§ **AIM OF THE EXERCISE**:
Write out exactly, excluding pictures, the lines from the one containing "среды отходами производства" through the end of the data, both included.

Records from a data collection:
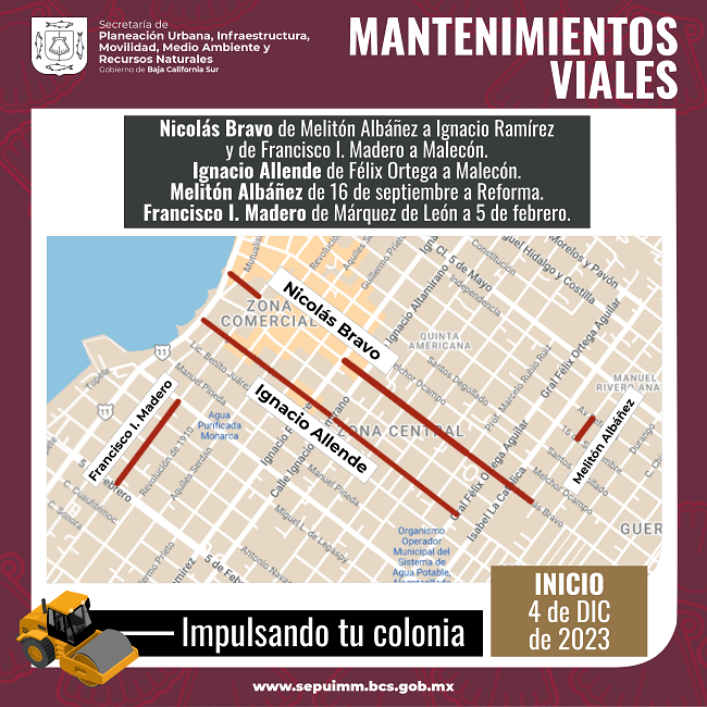 El Gobierno del Estado, a través de la Secretaría de Planeación Urbana, Infraestructura, Movilidad, Medio Ambiente y Recursos Naturales (SEPUIMM), informa que, con el objetivo de mejorar las condiciones en vialidades, a partir de este lunes 4 de diciembre se iniciará con trabajos de mantenimiento.
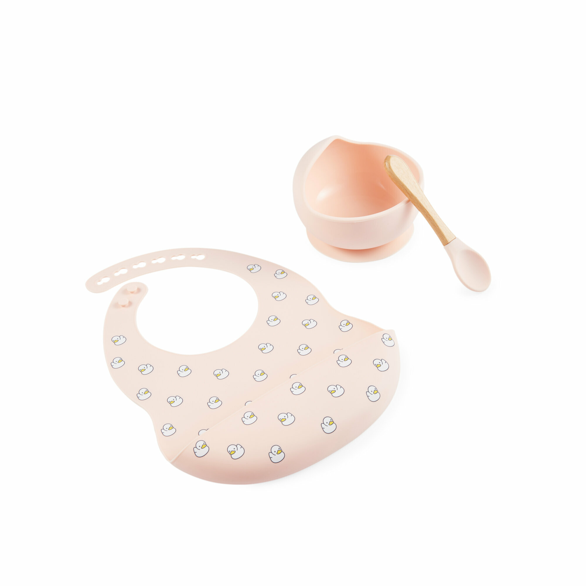 Купить 15064, Набор посуды для детей Happy Baby, миска на присоске и ложка, тарелка непроливайка, розовая
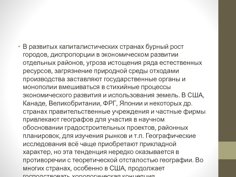 среды отходами производства заставляют государственные органы и монополии вмешиваться в стихийные процессы экономического развития и использования земель. В США, Канаде, Великобритании, ФРГ, Японии и некоторых др. странах правительственные учреждения и частные фирмы привлекают географов для участия в научном обосновании градостроительных проектов, районных планировок, для изучения рынков и т.п. Географические исследования всё чаще приобретают прикладной характер, но эта тенденция нередко оказывается в противоречии с теоретической отсталостью географии. Во многих странах, особенно в США, продолжает господствовать хорологическая концепция.
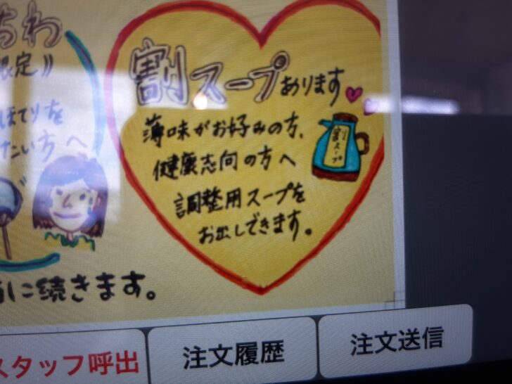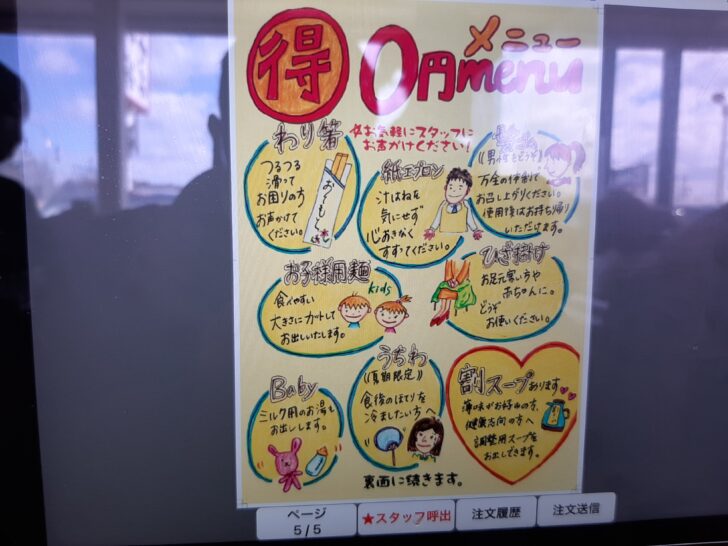 面白いのは、0円メニューがあることですね。わり箸、紙エプロン、髪ゴム、お子様用麺、ひざ掛け、赤ちゃんのミルク用お湯、うちわ、割スープが0円で提供されます。
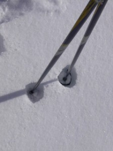 ちなみにスキートレイルには2本の細い丁度スキー板幅の溝があります。この溝、フリー・スタイルで滑る人には必要ないですが、クラシック・スタイルで行く人が使うものです。 |

§ **SOLUTION BELOW**:
 среды отходами производства заставляют государственные органы и монополии вмешиваться в стихийные процессы экономического развития и использования земель. В США, Канаде, Великобритании, ФРГ, Японии и некоторых др. странах правительственные учреждения и частные фирмы привлекают географов для участия в научном обосновании градостроительных проектов, районных планировок, для изучения рынков и т.п. Географические исследования всё чаще приобретают прикладной характер, но эта тенденция нередко оказывается в противоречии с теоретической отсталостью географии. Во многих странах, особенно в США, продолжает господствовать хорологическая концепция.
 面白いのは、0円メニューがあることですね。わり箸、紙エプロン、髪ゴム、お子様用麺、ひざ掛け、赤ちゃんのミルク用お湯、うちわ、割スープが0円で提供されます。
 ちなみにスキートレイルには2本の細い丁度スキー板幅の溝があります。この溝、フリー・スタイルで滑る人には必要ないですが、クラシック・スタイルで行く人が使うものです。 |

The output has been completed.